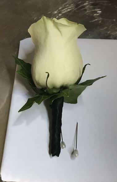 A Single White Rose Buttonhole with a detail of foliage, stem bound in black or white satin ribbon.
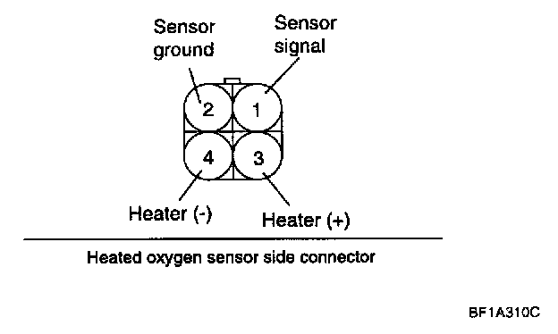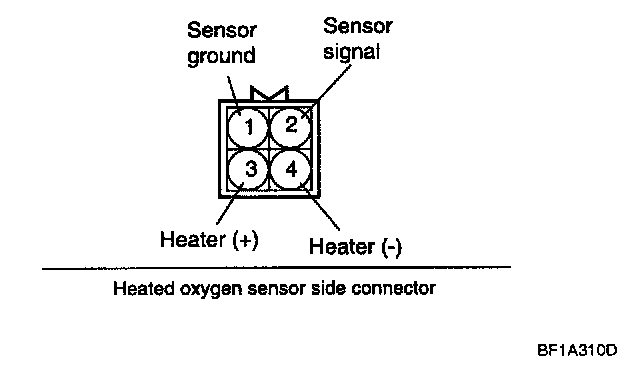 1. Disconnect the oxygen sensor connector, and measure the resistance between terminal 3 and terminal 4.
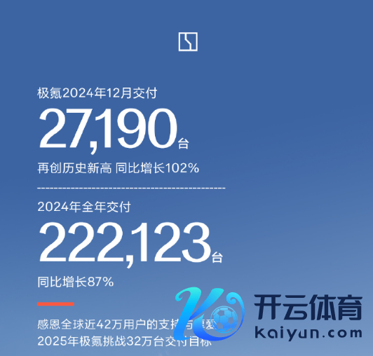 【CNMO科技音问】2025年1月1日,CNMO预防到,极氪汽车官方通知。2024年12月,极氪汽车单月拜托量达到了创记录的27190辆,与旧年同时比较终明显102%增长。
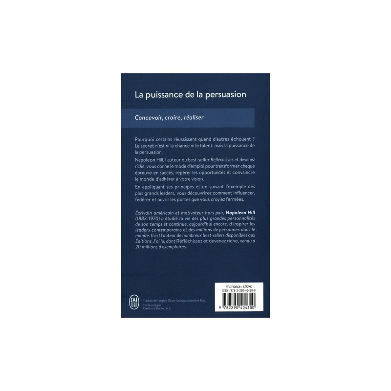 Pourquoi certains réussissent quand d'autres échouent ? Le secret n'est ni la chance ni le talent, mais la puissance de la persuasion. Napoleon Hill, l'auteur du best-seller Réfléchissez et devenez riche, vous donne le mode d'emploi pour transformer chaque épreuve en succès, repérer les opportunités et convaincre le monde d'adhérer à votre vision. En appliquant ses principes et en suivant l'exemple des plus grands leaders, vous découvrirez comment influencer, fédérer et ouvrir les portes que vous croyiez fermées.
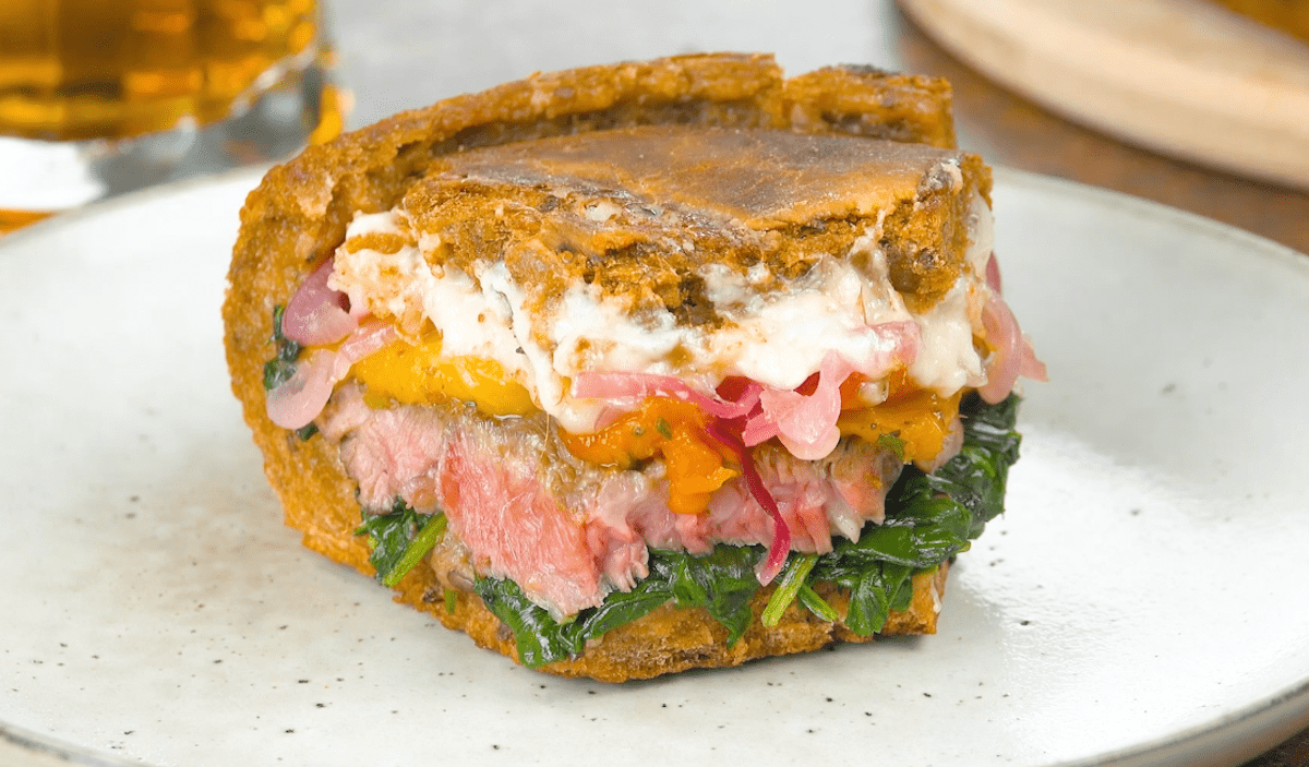 4. Gefülltes Brot mit Rindersteak und Babyspinat
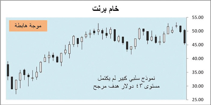 كسر خام برنت مستوى الدعم 48 دولاراً وصولاً إلى مستوى نفسي 45 دولار تماسك عنده نهاية الأسبوع، وكان الضغط بسبب ارتفاع الدولار وقلق المستثمرين والمضاربين من تصريحات المنتجين السلبية بخصوص اتفاقهم الأخير، على الرغم من أن تراجع الطلب الحقيقي للنفط هو العامل الجوهري والأخير يشكو تراجعاً مستمراً منذ 2013م، ويرجح الأسبوع المقبل أن يسجل برنت قاعاً أسبوعياً جديداً عند مستوى 43 دولاراً (دعم مؤقت) .
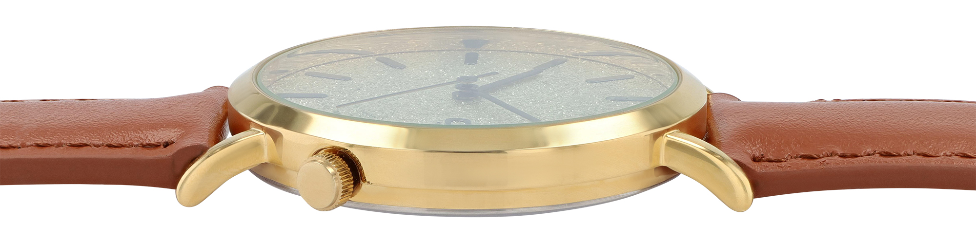 De robuuste metalen kast heeft een aantrekkelijke diameter van 40 mm. Een bijzonder hoogtepunt is de wijzerplaat, die een all-over gouden glitterafwerking heeft. Deze sprankelende textuur vangt het licht op een unieke manier en creëert een luxueuze glamour. De tijd wordt weergegeven met een eenvoudige streepindex.
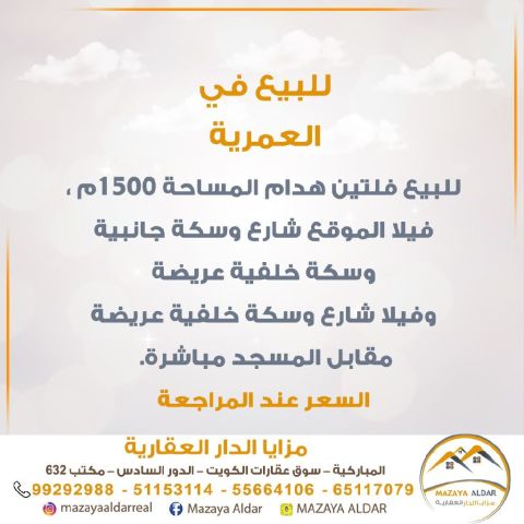 For sale: Two villas for demolition in the Al Amiriya area. The land area is 1500 square meters. The location features a street, a side alley, and a wide back alley. The villa is situated on a street with a wide back alley, directly opposite the mosque. For serious buyers only, no brokers. The price is available upon inquiry. For inquiries, contact the mobile number.
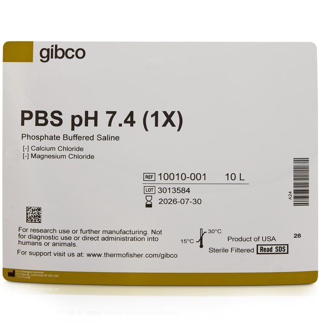Gibco PBS, pH 7.4, is a reliable and high-quality solution for various applications. Its formulation without calcium, magnesium, and phenol red makes it versatile and suitable for specific experimental needs. Choosing Gibco PBS ensures consistency, quality, and support from a trusted brand in the scientific community.
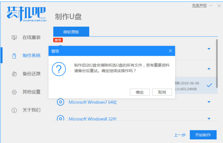 1、首先我們下載安裝裝機吧一鍵重裝系統軟件到電腦上并打開。然后準備一個8GB以上的U盤。我們選擇制作系統,點擊開始制作.
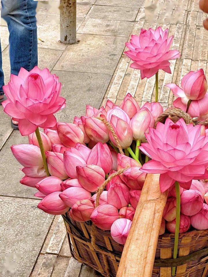 “春有百花夏有荷”,人间六月天,倚担卖荷人。上午可以去小西街走一走,你会发现在小西街的街头巷尾有卖荷人,担子里的荷花娇嫩欲滴。别犹豫,给自己来一份“好运莲莲”。
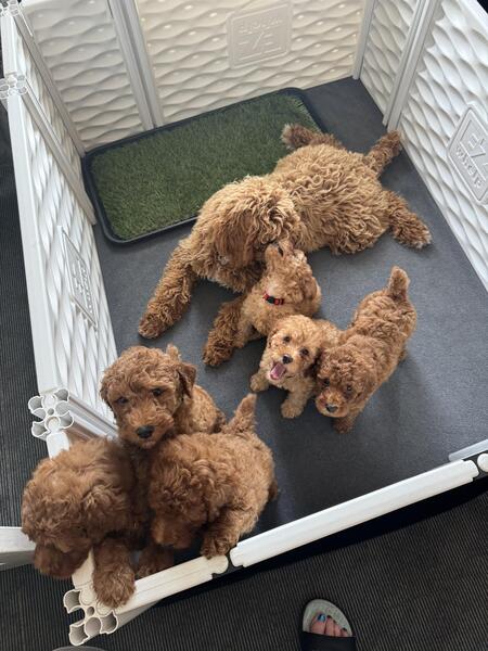 message brunsonts about this ad Red AKC Moyen poodle for stud (25 lbs Hes just sired his second litter. They are adorable! The fee would be 1,000. He has been DNA tested and is 100% Poodle. He has the best demeanor - hes sweet, gentle and shy. Text me at 407-575-5951 or email.me at PrimoPoodles@gmail.com. Thank you! The last 2 photos are from his second litter! |
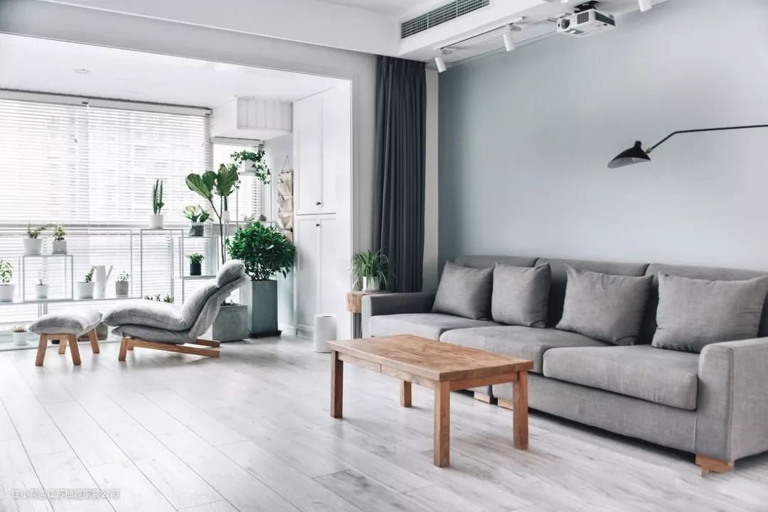 如果不想大动墙体,客厅和阳台可以选择同样的地板通铺,视觉上可以让客厅显得更宽敞。
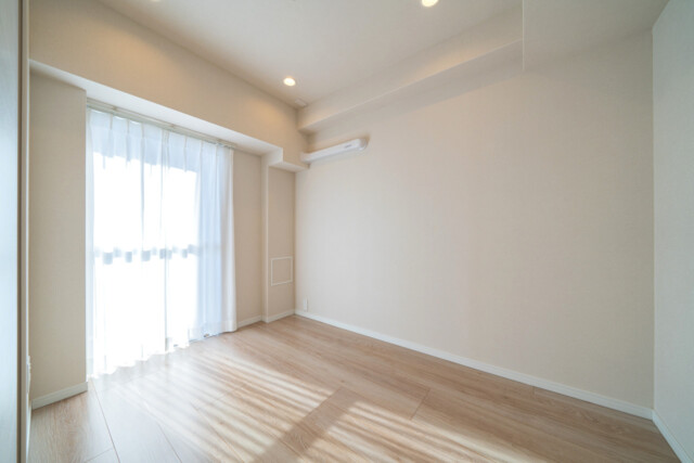 DKと同じくバルコニーに面した陽当たりのよいお部屋です。柱のない綺麗な形なのに加え、入口にデッドスペースを作らない引き戸を使用したり、大きなウォークインクローゼットを付けて収納家具の必要をなくしたりと、お部屋のスペースを無駄なく使えるよう工夫がされています。
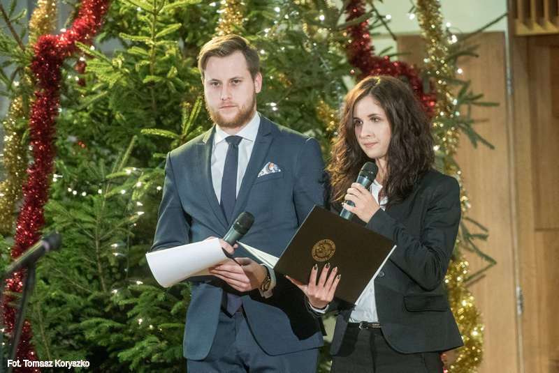 Z kolei ks. Rafał Sztejka, duszpasterz akademicki, odczytał fragment Ewangelii wg św. Łukasza, ukazujący okoliczności narodzin Syna Bożego. Ksiądz prof. Antoni Dębiński, rektor KUL, w wygłoszonym przemówieniu podsumował kończący się rok kalendarzowy, zwracając szczególną uwagę na osiągnięcia i sukcesy naszej Alma Mater. Gościom i całej społeczności akademickiej życzył błogosławionych Świąt Bożego Narodzenia i pełnego pokoju Nowego Roku 2018.
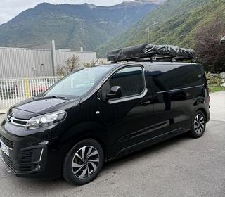 Vend Citroën jumpy 2l 150cv full black, jantes aluminium, boîte manuelle 6 vitesses. Tente de toit XL vevor 3 personnes. Petit aménagement intérieur : isolation, habillage lambri
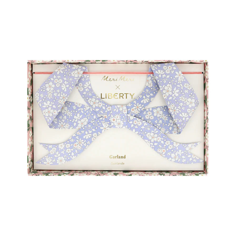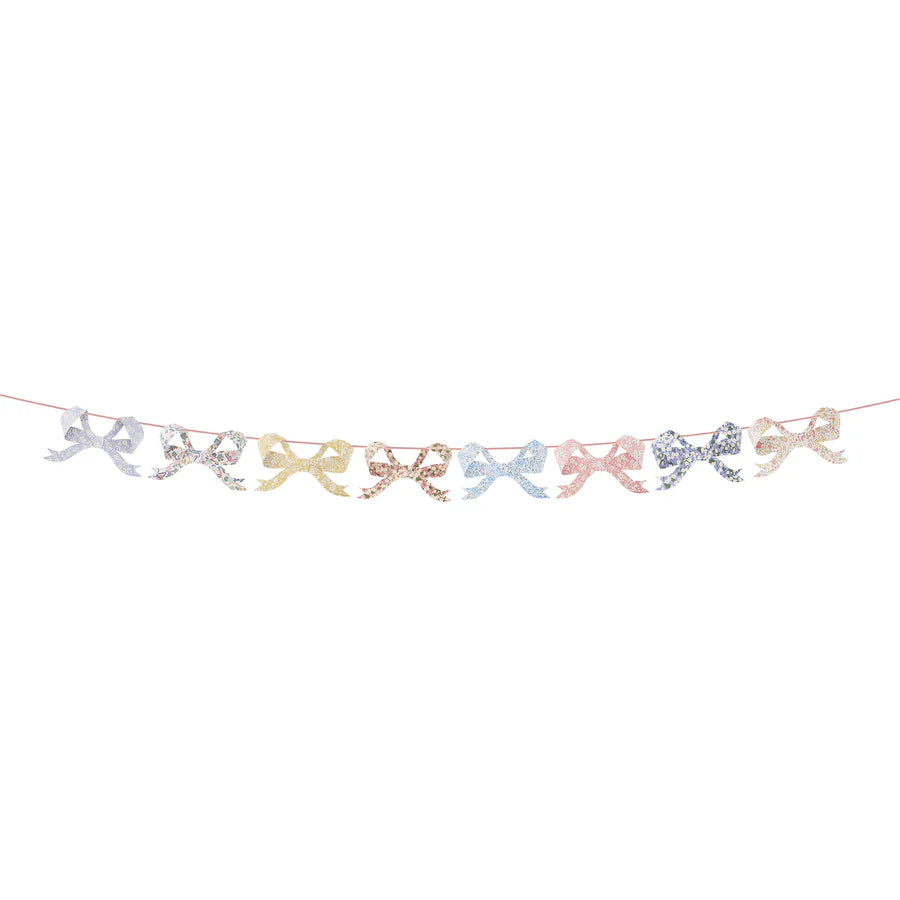 Los lazos siguen estando de moda, así que esta es la combinación perfecta de decoración estampada con un toque moderno. Ocho banderines de lazos, con diseños florales de Liberty, están ensartados en una cinta de terciopelo rosa empolvado.

**Exercise details**
In your copy, the listing above should appear word for word, with no images.

**Reply**
 A Single White Rose Buttonhole with a detail of foliage, stem bound in black or white satin ribbon.
 1. Disconnect the oxygen sensor connector, and measure the resistance between terminal 3 and terminal 4.
 【CNMO科技音问】2025年1月1日,CNMO预防到,极氪汽车官方通知。2024年12月,极氪汽车单月拜托量达到了创记录的27190辆,与旧年同时比较终明显102%增长。
 Pourquoi certains réussissent quand d'autres échouent ? Le secret n'est ni la chance ni le talent, mais la puissance de la persuasion. Napoleon Hill, l'auteur du best-seller Réfléchissez et devenez riche, vous donne le mode d'emploi pour transformer chaque épreuve en succès, repérer les opportunités et convaincre le monde d'adhérer à votre vision. En appliquant ses principes et en suivant l'exemple des plus grands leaders, vous découvrirez comment influencer, fédérer et ouvrir les portes que vous croyiez fermées.
 4. Gefülltes Brot mit Rindersteak und Babyspinat
 كسر خام برنت مستوى الدعم 48 دولاراً وصولاً إلى مستوى نفسي 45 دولار تماسك عنده نهاية الأسبوع، وكان الضغط بسبب ارتفاع الدولار وقلق المستثمرين والمضاربين من تصريحات المنتجين السلبية بخصوص اتفاقهم الأخير، على الرغم من أن تراجع الطلب الحقيقي للنفط هو العامل الجوهري والأخير يشكو تراجعاً مستمراً منذ 2013م، ويرجح الأسبوع المقبل أن يسجل برنت قاعاً أسبوعياً جديداً عند مستوى 43 دولاراً (دعم مؤقت) .
 De robuuste metalen kast heeft een aantrekkelijke diameter van 40 mm. Een bijzonder hoogtepunt is de wijzerplaat, die een all-over gouden glitterafwerking heeft. Deze sprankelende textuur vangt het licht op een unieke manier en creëert een luxueuze glamour. De tijd wordt weergegeven met een eenvoudige streepindex.
 For sale: Two villas for demolition in the Al Amiriya area. The land area is 1500 square meters. The location features a street, a side alley, and a wide back alley. The villa is situated on a street with a wide back alley, directly opposite the mosque. For serious buyers only, no brokers. The price is available upon inquiry. For inquiries, contact the mobile number.
Gibco PBS, pH 7.4, is a reliable and high-quality solution for various applications. Its formulation without calcium, magnesium, and phenol red makes it versatile and suitable for specific experimental needs. Choosing Gibco PBS ensures consistency, quality, and support from a trusted brand in the scientific community.
 1、首先我們下載安裝裝機吧一鍵重裝系統軟件到電腦上并打開。然后準備一個8GB以上的U盤。我們選擇制作系統,點擊開始制作.
 “春有百花夏有荷”,人间六月天,倚担卖荷人。上午可以去小西街走一走,你会发现在小西街的街头巷尾有卖荷人,担子里的荷花娇嫩欲滴。别犹豫,给自己来一份“好运莲莲”。
 message brunsonts about this ad Red AKC Moyen poodle for stud (25 lbs Hes just sired his second litter. They are adorable! The fee would be 1,000. He has been DNA tested and is 100% Poodle. He has the best demeanor - hes sweet, gentle and shy. Text me at 407-575-5951 or email.me at PrimoPoodles@gmail.com. Thank you! The last 2 photos are from his second litter! |
 如果不想大动墙体,客厅和阳台可以选择同样的地板通铺,视觉上可以让客厅显得更宽敞。
 DKと同じくバルコニーに面した陽当たりのよいお部屋です。柱のない綺麗な形なのに加え、入口にデッドスペースを作らない引き戸を使用したり、大きなウォークインクローゼットを付けて収納家具の必要をなくしたりと、お部屋のスペースを無駄なく使えるよう工夫がされています。
 Z kolei ks. Rafał Sztejka, duszpasterz akademicki, odczytał fragment Ewangelii wg św. Łukasza, ukazujący okoliczności narodzin Syna Bożego. Ksiądz prof. Antoni Dębiński, rektor KUL, w wygłoszonym przemówieniu podsumował kończący się rok kalendarzowy, zwracając szczególną uwagę na osiągnięcia i sukcesy naszej Alma Mater. Gościom i całej społeczności akademickiej życzył błogosławionych Świąt Bożego Narodzenia i pełnego pokoju Nowego Roku 2018.
 Vend Citroën jumpy 2l 150cv full black, jantes aluminium, boîte manuelle 6 vitesses. Tente de toit XL vevor 3 personnes. Petit aménagement intérieur : isolation, habillage lambri
 Los lazos siguen estando de moda, así que esta es la combinación perfecta de decoración estampada con un toque moderno. Ocho banderines de lazos, con diseños florales de Liberty, están ensartados en una cinta de terciopelo rosa empolvado.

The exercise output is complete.